226. Sorry, Baby
Dir. Eva Victor
Pluma invitada: Flor Zuriñe de la Peña Maillard
Siempre aterra ver una ópera prima escrita, dirigida y protagonizada por la misma persona porque pueden tener dos pilares: un entendimiento completo con protección de las ideas principales, y el sesgo de ser intocable e inaccesible para el resto del mundo. Un ejemplo es The Mastermind, película que presenta una subversión interesante de las clásicas películas de robos a lugares, pero se cae por tener un ritmo irregular formado por tomas aburradiamentes largas sin la reflexión que llega a tener Tarkovsky con el mismo recurso. Tomando esto en cuenta, es mi placer informar que Sorry, Baby no cae en dichos errores y otorga una de las experiencias más sentimentales y personales de lo que queda del año.

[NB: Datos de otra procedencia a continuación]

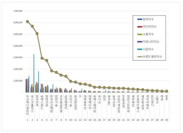 풍력에너지 관련 상장기업 브랜드평판 1위를 기록한 두산에너빌리티 브랜드는 참여지수 1,158,678 미디어지수 1,165,100 소통지수 1,124,013 커뮤니티지수 1,235,944 시장지수 1,425,181이 되면서 브랜드평판지수 6,108,915로 분석됐다. 지난 11월 브랜드평판지수 6,702,028과 비교해보면 8.85% 하락했다.
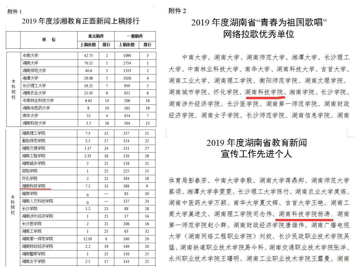 本网讯 近日,从湖南省教育厅下发的《关于2019年度全省教育新闻宣传工作情况的通报》(湘教通【2020】82号)中获悉,永利官网2019年度涉湘教育正面新闻重点稿件上稿7.2篇,一般稿件上稿388篇,重点稿件和一般稿件在全省同类院校中均位列第一。学校获得2019年度湖南省“青春为祖国歌唱”网络拉歌优秀单位,杨涛同志荣获2019年度湖南省教育新闻宣传工作先进个人。

Eva Victor crea algo realmente bello al contar una historia triste, la vida te pegará, escupirá y hasta te ignorará porque no se detiene en el duelo. Hace mucho no me sentía tan acompañada por una película porque el reflejo que crea con Ágnes - la protagonista - es tan escalofriante como lo es acogedor. Su incidente incitador es - con rabia lo escribo - común dentro de nuestra realidad lo cual lleva a que su personaje se llega a castigar por las consecuencias de cómo actuó, mostrando una evolución muy humana e íntima que muchas de nosotras hemos tenido. Es una comedia negra hasta en momentos incómodos, amarrado por un guion escrito con cachitos de alma, un gatito todo precioso y una actuación estelar de su creadora. Al final, ¿quién no se ríe de sus traumas para que pesen menos?
Ahora, voy a ahondar en una escena específica, entonces si no la has visto, espero te saltes esta parte y regreses después de llorar con un vacío en el estómago.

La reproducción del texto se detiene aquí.